The birthday boy blows out the candles. And, yes, those are Hot Wheels atop the cupcakes.

My friend made the mistake of telling the boys they could pick which cupcake and car they wanted. That was chaos.

In the end, he got the Corvette he wanted and he had to get the icing off somehow. Can't have a red iced Corvette, must lick it all off. We had a sugar-filled drive home and a happy kid that the Steelers won.

Question of Four

Ms. Jenni at Just an Army Wife tagged me (there I go again getting Army of Dad's hopes up at two women together) for the Question of Four meme. So, here it goes:

Four jobs you have had in your life:
1. Movie theater cashier
2. Dental assistant (for two days before the dentist made a pass at me and I quit)
3. Gingiss Formalwear consultant
4. Newspaper reporter

Four movies you could watch over and over:
1. Lord of the Rings trilogy(please, like you didn't expect that one)
2. Harry Potter movies
3. You've Got Mail
4. A Christmas Story

Four places you have lived:
1. Fort Worth, Texas
2. Waco, Texas
3. BFE i.e. Bonham, Texas (home of the late Sam Rayburn, former Speaker of the House)
4. Midland, Texas

Four places you've been on vacation:
1. Nassau, Bahamas
2. Berlin, Germany
3. Fort Lauderdale
4. St. Louis

Four websites you visit daily:
1. Army of Mom
2. Lab Kat
3. Yahoo email
4. Business Journals

Four of your favorite foods:
1. Mashed potatoes - ok, all kinds of potatoes
2. Filet - butterflied and well done
3. Corn
4. Cheese enchiladas

Four places you'd rather be right now:
1. Under the covers with my honey
2. Soaking in a hot jacuzzi tub
3. Curled up on the couch in front of a fire
4. Honestly, I'm exactly where I want to be: home with my family

Anyone else want to play?

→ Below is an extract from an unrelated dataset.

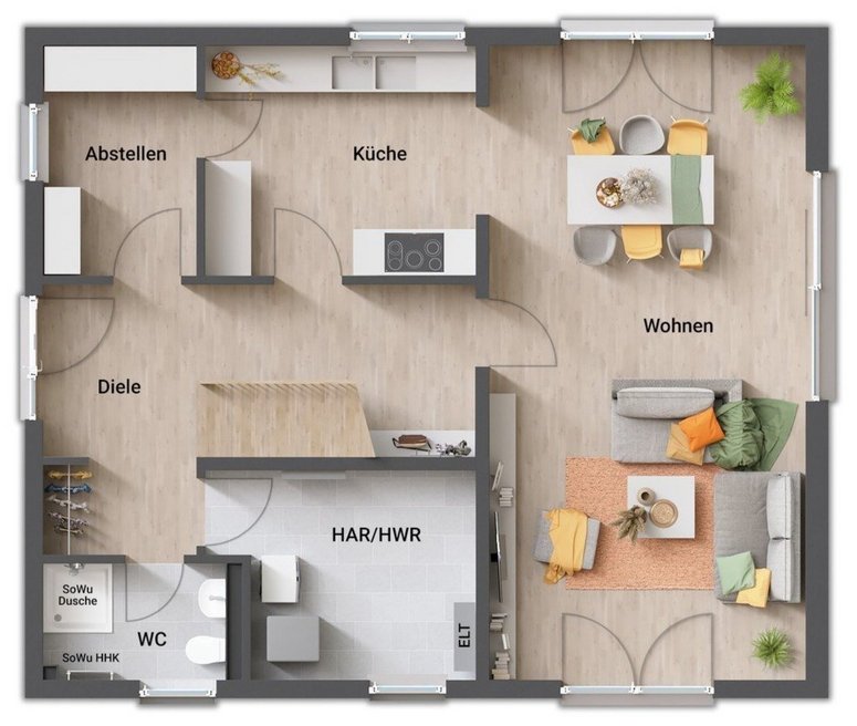 - aufgeräumtes/cleanes Erdgeschoss (Trennung des „technischen“ Bereichs (Hausanschlussraum, WC, Arbeit) vom „gesellschaftlichen“ Bereich (Wohnen, Kochen)

I won't make you, but I will go look.

A Wiggly Birthday

Two weeks ago, we had the birthday party weekend and the kids were loving it. First, Little Bit had a Chuck E. Cheese party to attend for one of her preschool classmates. Here she is with another friend. Poor little gal took a header a week earlier and had scabs on her nose. Here they're enjoying cake.

I took the boys, too, and just kept them segregated from the party. Of course, this Wiggles cake was HUGE, so we had a few pieces, too.

Hot Rod didn't even care that it was on a Wiggles plate. He was just thrilled with the cake. Me, on the other hand, I was a little creeped out by these happy fellows looking up at me.

Pickle was thrilled to have a baby to hold. He loves babies. This is the little brother of one of Little Bit's friend's. In the end, fun was had by all. I even took my book and read, which was nice.